The evolution of the business financing industry has turned several types of small business loans that previously weren’t as popular into household names. These programs tend to be the specialties of the newest and most innovative business financing companies in the industry. Examples include the merchant cash advance, which is a specialty of United Capital Source as well as Square Capital, though each company has its own variation. The increasingly popular Kabbage offers just one program; a business line of credit. Another new player on the roster is the revenue based business loan, or business cash advance.
Many small businesses, however, still prefer the classic business term loan. Despite the undeniable benefits of the newer options, business term loans can most certainly be the most effective choice for growing your business. In the construction industry, for instance, contractors continue to rely on business term loans for important projects.

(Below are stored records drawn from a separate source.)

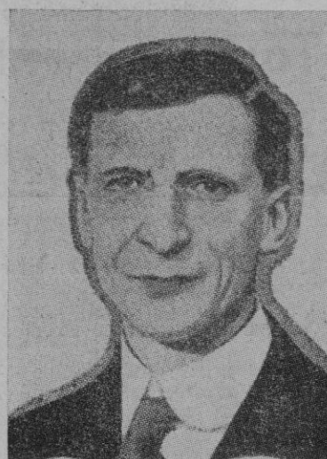
El Presidente irlandés, De Valera
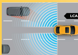
Hệ thống hỗ trợ chuyển làn*
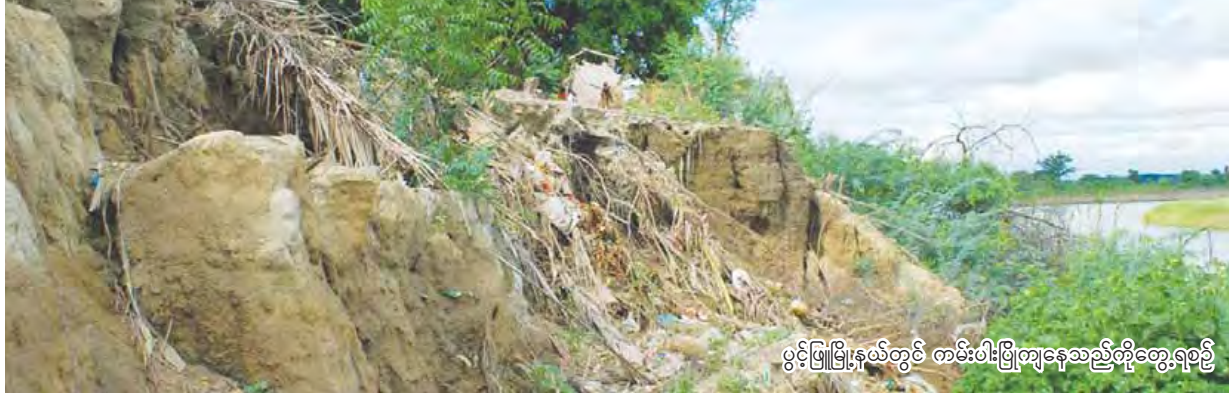
ပွင့်ဖြူမြို့နယ်တွင် တစ်-ပါး-မြို့ကျနေသည့်စိုက်ပျိုးရေးစိုက်

ဖွင့်ဖြူ ဇွန် ၂၆ မကွေးတိုင်းဒေသကြီး မင်းဘူးခရိုင် ပွင့်ဖြူမြို့နယ် ပညောင်ပင်ရွာကျေးရွာတွင် ၂၀၁၅ ခုနှစ် ဩဂုတ် လအတွင်း မုန်းချောင်းရေကြီးမှုများကြောင့် မုန်းချောင်းကမ်းပါးနေ လူနေအိမ်လေးလုံး ကမ်း ပါးပြိုကျပျက်စီးခဲ့ရသည်။ ပညောင်ပင်ရွာ ကျေးရွာ တွင် အိမ်ထောင်စု ၃၀၈ စုရှိပြီး ယခင်ကာလက ကမ်းပါးပြိုကျသဖြင့် လူနေအိမ် အလုံး ၂၀ ဖျက်သိမ်း ရွှေ့ပြောင်းခဲ့ရသည်။ ယခုအခါ အဆိုပါကျေးရွာ သည် မုန်းချောင်းကမ်းပါးအနီးတွင် ကျေးရွာတည် ရှိနေသဖြင့် ကမ်းပါးပြိုကျမှုများ ထပ်မံမဖြစ်ပေါ်
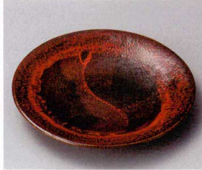
22103-109 紅柚子玉淵6.5皿 2,150円 (195×27mm) 22104-109 紅柚子玉淵7.5皿 3,150円 (230×30mm) 22105-109 紅柚子玉淵8.5皿 4,100円 (255×35mm)
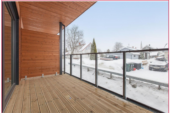
Fra stuen er det utgang til solrik sydvendt balkong.
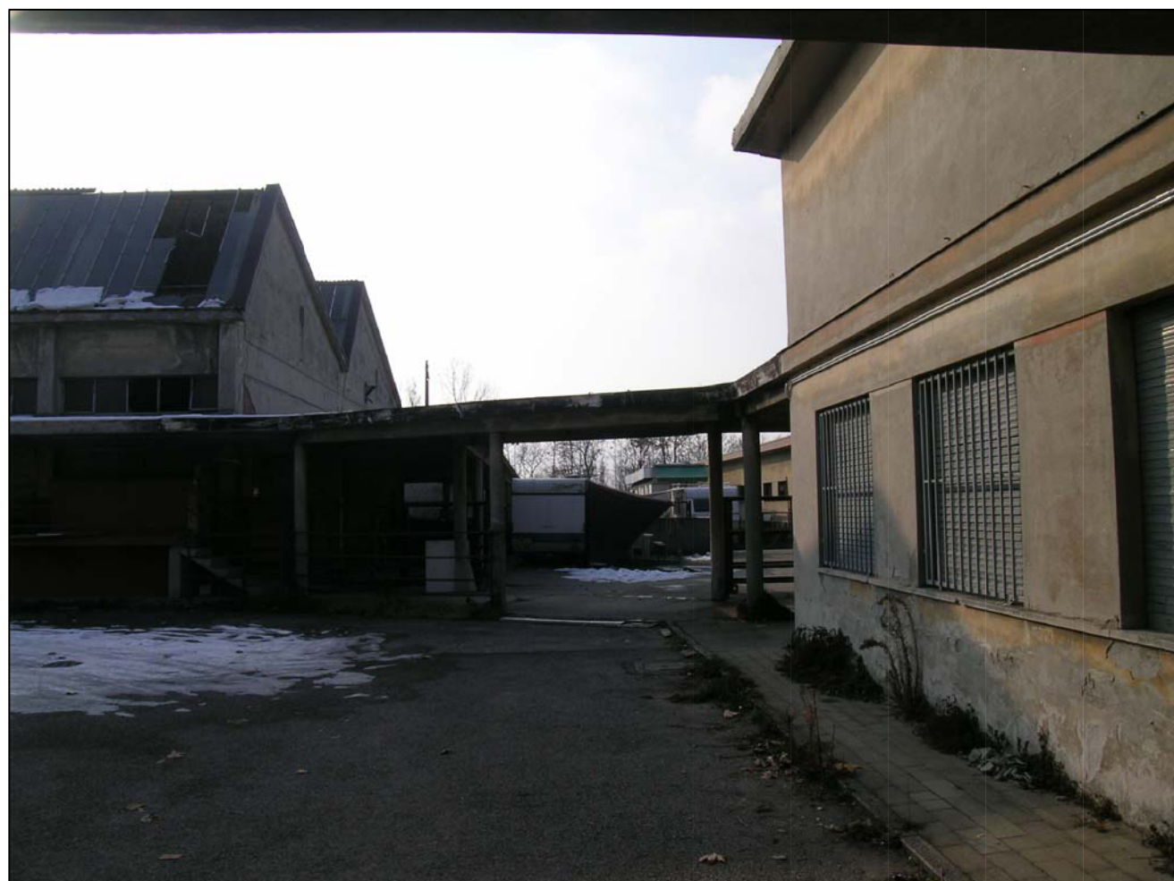
VISTA FOTOGRAFICA 3
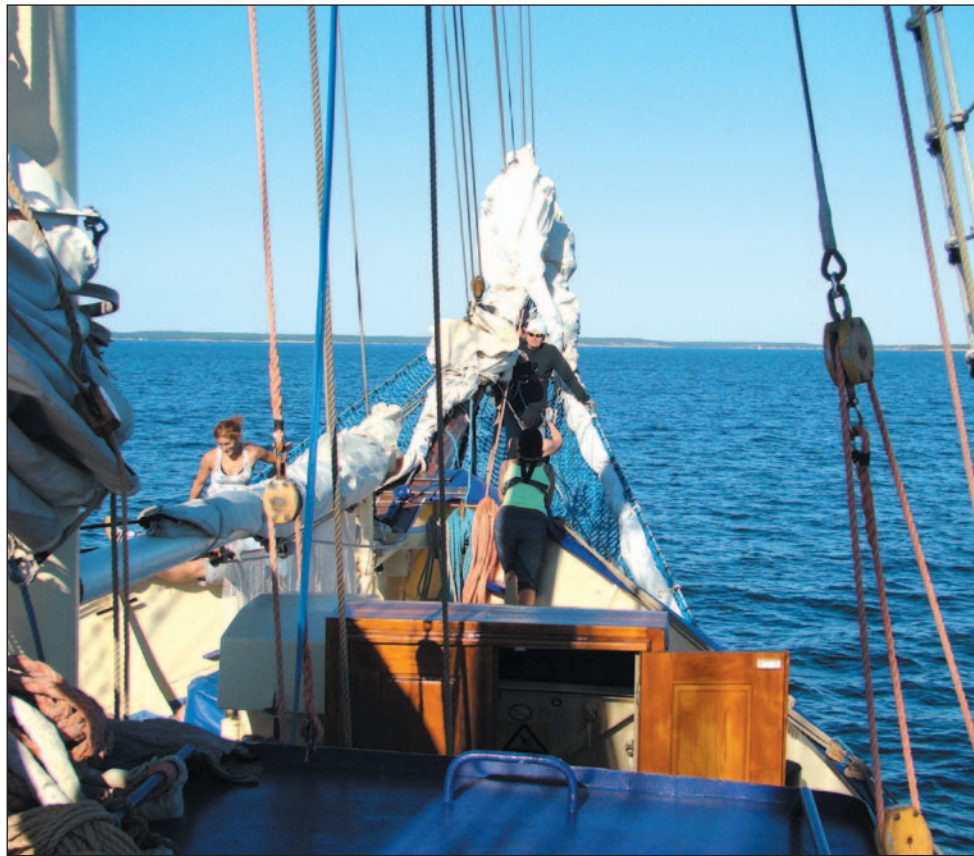
To nie tylko piękna przygoda, ale i szkoła charakteru.

Jest emerytowanym kpt. Marynarki Wojennej. Mundur zdjął w 2007 r., po 22 latach służby. Niedługo jednak wytrzymał na lądzie. – Zawsze ciągnęło mnie do wody. Pamiętam, że nie mogłem się doczekać po zimie, żeby wskoczyć do Sanu. Kiedyś zrukołem to w kwietniu, to mój rekord – wspo-

Why this industry favors the most traditional option
Like myriad other industries, construction contractors favor business term loans primarily for their fixed interest rates and durations. You know exactly how much money you’ll be paying per month, which makes it easier to calculate how much debt you can afford to take on beforehand. Before the emergence of companies like United Capital Source, the biggest disadvantage of business terms loans was the amount of time you had to wait to receive funding. That waiting period has since gone from approximately three to four months to three to four business days. This is vital for contractors, who don’t always know how much an upcoming project is going to cost in the months before they get started.
Once that total cost is figured out, it’s usually much higher than the typical amounts that are accessed through other programs. This is perhaps the second biggest reason term loans are preferred by contractors who often work with mass quantities of brick, wood, or steel. Business term loans carry the highest borrowing limits available. This is the kind of money contractors need to pay for materials, labor, and other business expenses until invoices for their work are processed. Other companies that require similarly large upfront payments include limousine and rental car operators, which must purchase entire fleets of vehicles as soon as their more popular models become outdated.

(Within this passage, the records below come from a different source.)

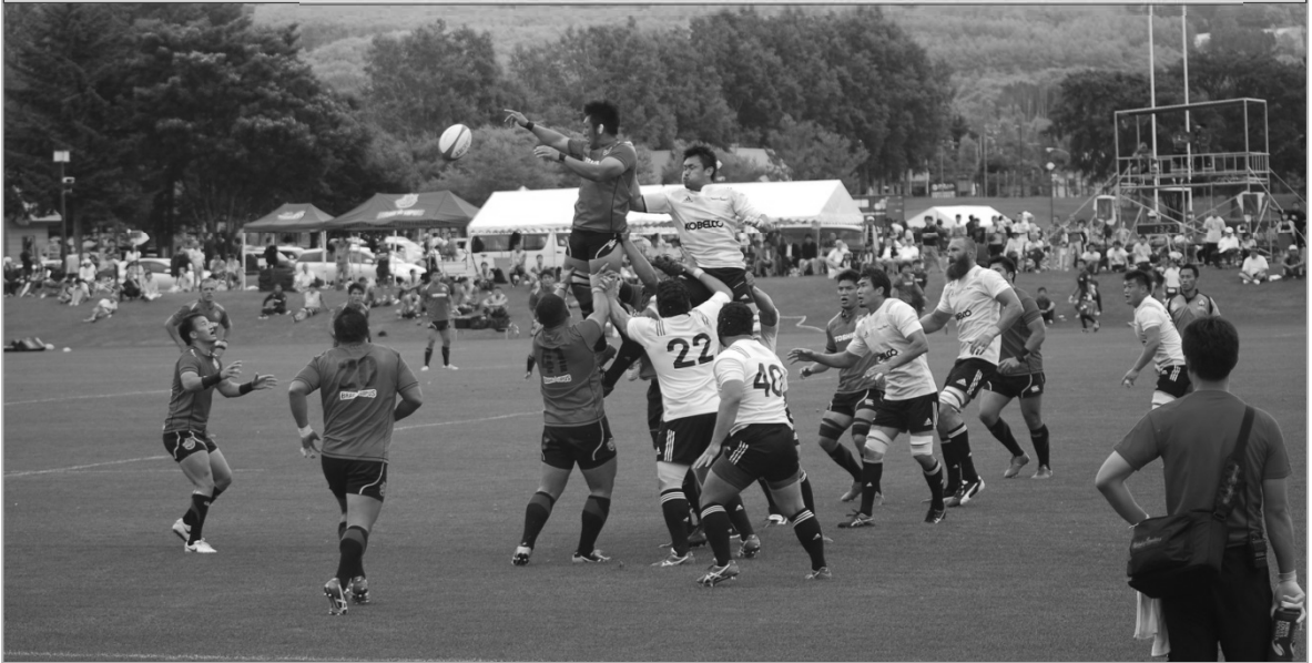
網走スポーツ・トレーニングフィールドでのラグビー練習試合の様子

公益財団法人日本ラグビーフットボール協会は、来年2019年9月20日（金）から11月2日（土）まで開催されるラグビーワールドカップ2019に出場する日本代表の事前チームキャンプ地を網走市と宮崎県宮崎市の2カ所に決定しました。
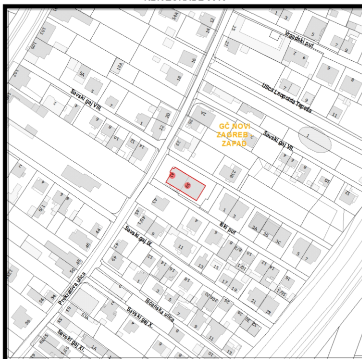
RBR ZGRADE 3013

Građevinsko stanje uličnog pročelja: zadovoljavajuće.
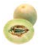
melón dulce honeydew

Los precios están bajos; los suministros abundan en el desierto de Arizona y California. MFC Lechuga Orejona Verde está disponible.
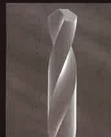
走査電子顕微鏡

超薄膜Purple Coatingを施すことで、 SJS加工に抜群の効果を発揮!
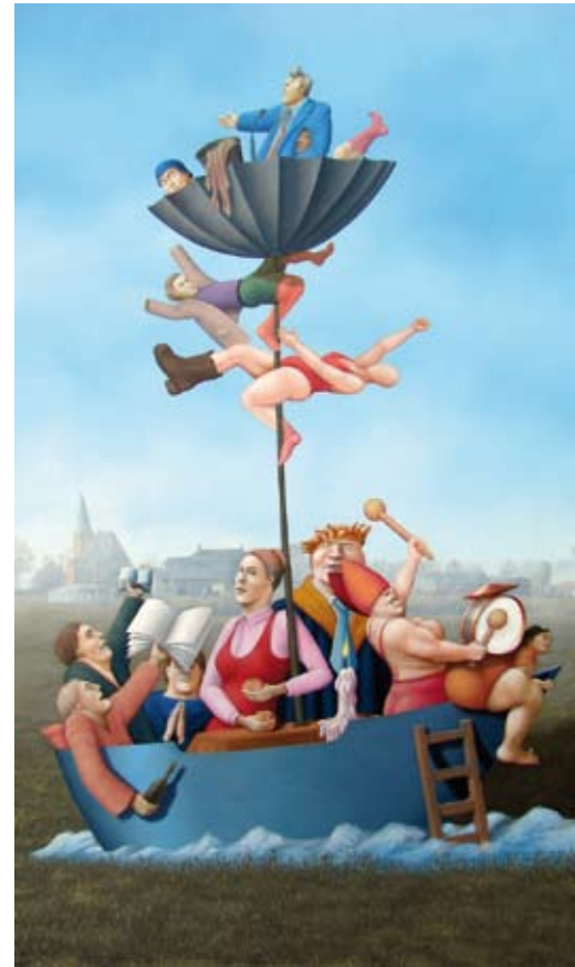
Het narrenschip, 90 x 53 cm, € 3250,-
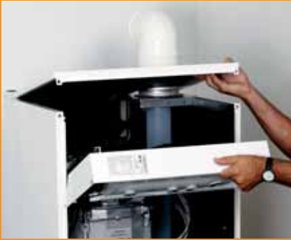
Verkleidung öffnen und den Regelungskasten herunterklappen
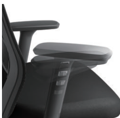
肘角度調節 ±30° 肘高さ調節 11mmピッチ、10段階
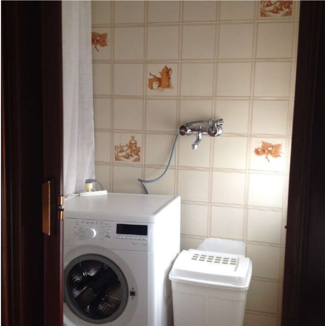
Figura 12. LOTTO UNICO: Immobile pignorato al F. 94, P.IIa 3069, Sub. 2 ubicato in Torremaggiore tra la Via Gobetti e Via Togliatti (locale lavanderia).
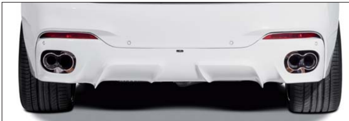
Heckdiffusor, Schalldämpfer oder Doppel-Schalldämpfer mit 2 „Racing“ Endblenden
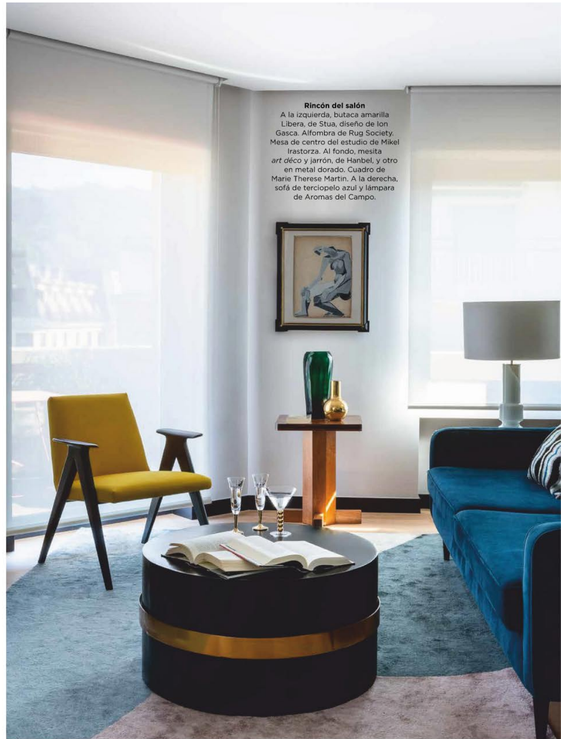
Rincón del salón A la izquierda, butaca amarilla Libera, de Stua, diseño de Ion Gasca. Alfombra de Rug Society. Mesa de centro del estudio de Mikel Irastorza. Al fondo, mesita art déco y jarrón, de Hanbel, y otro en metal dorado. Cuadro de Marie Therese Martin. A la derecha, sofá de terciopelo azul y lámpara de Aromas del Campo.

Business credit is crucial for construction contractors
Some of the alternatives to business term loans were created primarily to increase accessibility to funding. These programs are easier to qualify for and pay back, especially for businesses with unstable cash flow. While business term loans from United Capital Source are significantly more accessible than bank loans, the program remains among the least accessible on the market. Borrowers must possess stellar credit, strong cash flow, and consistent revenue. Having more than enough money in the bank and the ability to provide collateral would be extremely helpful as well.

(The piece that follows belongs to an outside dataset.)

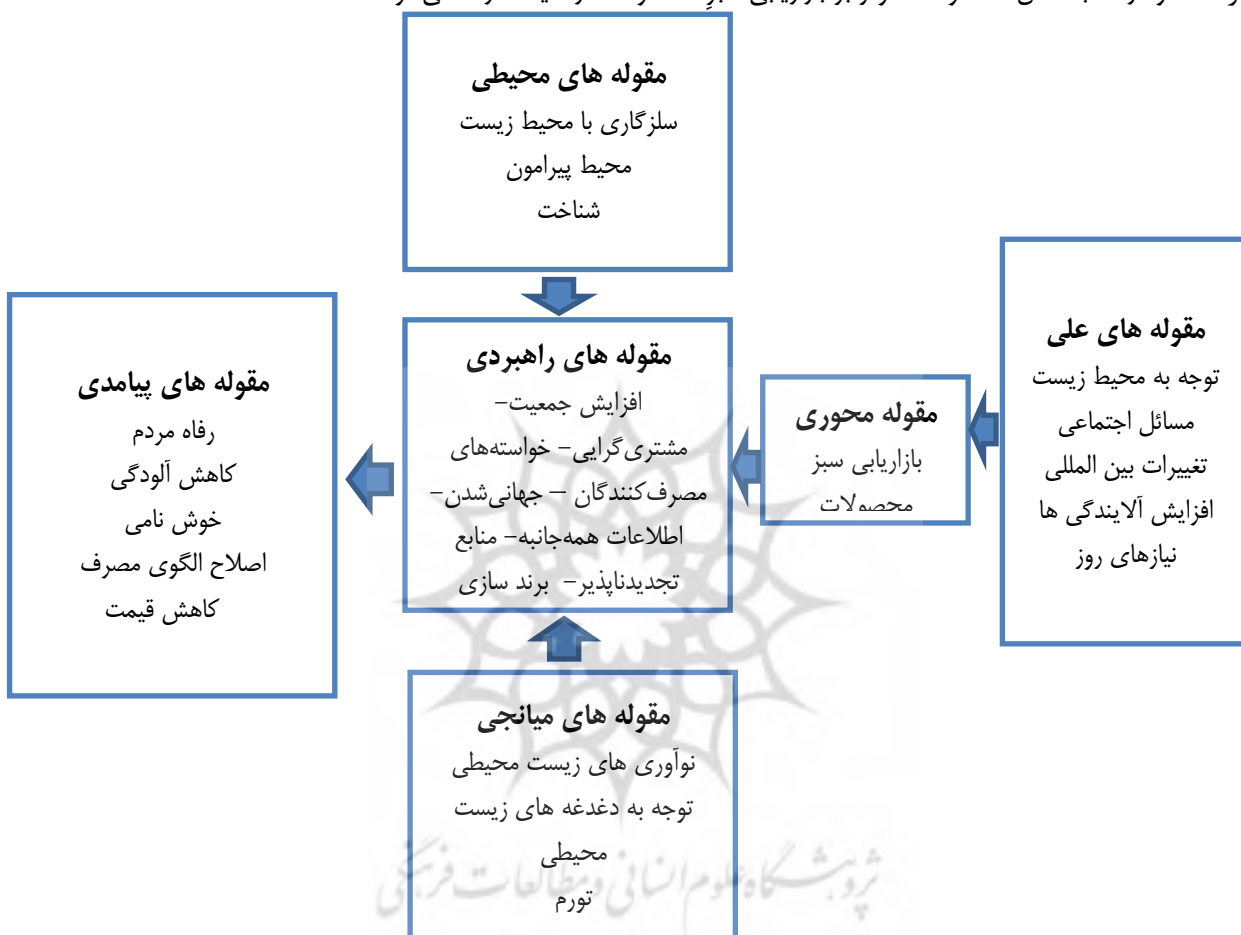
شکل شماره (۲): مقولات موثر بر بازاریابی سبز محصولات ارگانیک

در ادامه و در قالب شکل ۲، مقولات موثر بر بازاریابی سبز محصولات ارگانیک، ارائه می‌شود.

This partially explains why business term loans are prevalent for construction contractors. In this industry, it’s very difficult to stay competitive and take on increasingly lucrative projects without stellar credit and capitalization. Just a few months’ worth of repayments for a business term loan can boost your business credit score, whereas payments for other programs, like a merchant cash advance, will do nothing for your personal or business credit score. Business term loans are therefore an extremely attractive option for anyone looking to acquire new business partners, from retail stores to wholesalers.
What exactly is a long-term investment?
Numerous business funding programs are designed for long-term investments. There is a distinct difference, however, in the type of long-term investment that is suited for a business term loan compared to another option. Business term loans are ideal for particularly expensive and lengthy efforts that do not contribute to revenue for an extended period of time. Why do these stipulations work for certain businesses? Because their businesses are probably doing just fine without the additional revenue. This suggests that a business term is often more of a “want” than a “need.”
Other programs are geared more towards the latter category. In such cases, the borrower might need the funds to help cover regular business expenses until the investment begins to increase revenue. Rather than making fixed monthly payments, the borrower might choose a program that allows him or her to pay off the brunt of the debt when cash flow has stabilized. Had the borrower been given a business term loan instead, the repayment structure might only do more damage to cash flow or force the borrower to dig into operational or personal funding.
If you have the means, why not?
As you can see, the general consensus in regards to business term loans is “if you can qualify, go for it.” In fact, a number of UCS clients took out more accessible business loans solely to boost their credit scores so they could eventually qualify for business term loans. These are the kind of options younger construction companies should consider because at some point, a business term loan will be needed to finance a potentially game-changing project.